Other antihistamines and related drugs :
Ketotifen - Antihistamine-like drug with mast cell stabilising effect, worth a try in difficult urticaria and when tolerance to antihistamine therapy appears. Adult dosage : 1-2 mg bd.
Oxatamide - Properties comparable to ketotifen, dosage is 30 mg bd.
Doxepin - A tricyclic antidepressant with antihistamine activity. Suitable for administration at night. There is drug interaction with MAOIs, and can cause cardiac arrthythmia. Dosage : 10 mg nocte
 
19.2 H2-Receptor Blockers
The exact mode of action of H2 antagonist in urticaria is still uncertain. There is no firm ground and evidence that giving an H2 antagonist in addition to H1 antihistamine will be helpful to control urticaria more easily.
Cimetidine - 400 mg bd
Ranitidine - 150 mg bd
 
19.3 -Stimulants
This is considered as a second line treatment for patients with resistant chronic urticaria and antihistamine tolerance. They act directly on the mast cell and prevent degranulation. Although they are effective, their use is limited by their side effects, including tremors and tachycardia.
Salbutamol - 2-4 mg tid
Terbutaline - 0.5 mg tid
 
19.4 Calcium Channel Blocker
Only nifedipine is useful for stubborn urticaria. It acts by stabilising mast cell and inhibit degranulation. Side effects include hypotension and flushing attacks.
nifedipine - 5-10 mg tid
 
19.5 Anabolic Steroid
This has been used in patients suffering from hereditary angioedema. It is also used in cholinergic urticaria.
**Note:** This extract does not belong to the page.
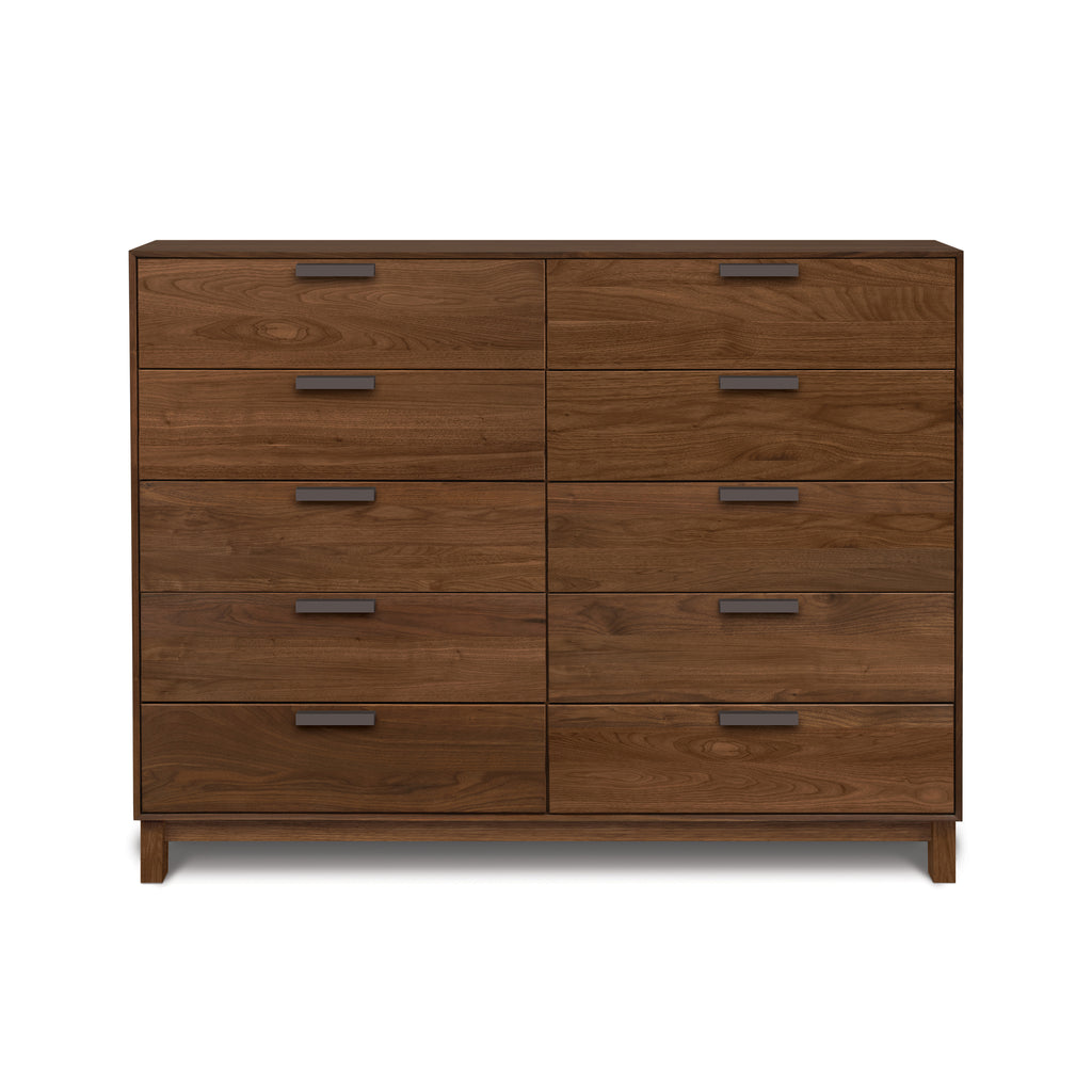 A masterpiece of organization and minimalist design, the Savoy 10-Drawer Dresser from Copeland Furniture is the ultimate storage solution for the modern bedroom. This commanding wide dresser is crafted by hand from solid American black walnut, showcasing the natural beauty and unique grain of the wood. The sleek, low-profile design features ten spacious drawers, providing an unparalleled amount of organized space for your entire wardrobe. A fusion of masterful, time-tested joinery and a silky, GREENGUARD Certified finish, it’s a stunning and healthy addition to any contemporary bedroom.

Danazol - 100-600 mg daily
Stanazolol - 2.5-10 mg daily
19.6 Systemic Corticosteroid Therapy
This is an effective form of therapy for urticaria but long term therapy usually outweighs its therapeutic effect because of its side effects. Systemic steroid therapy is indicated for anaphylaxis and acute urticaria of serum sickness. For chronic urticaria, this should be avoided unless it is given for a short duration to tide over an acute episode.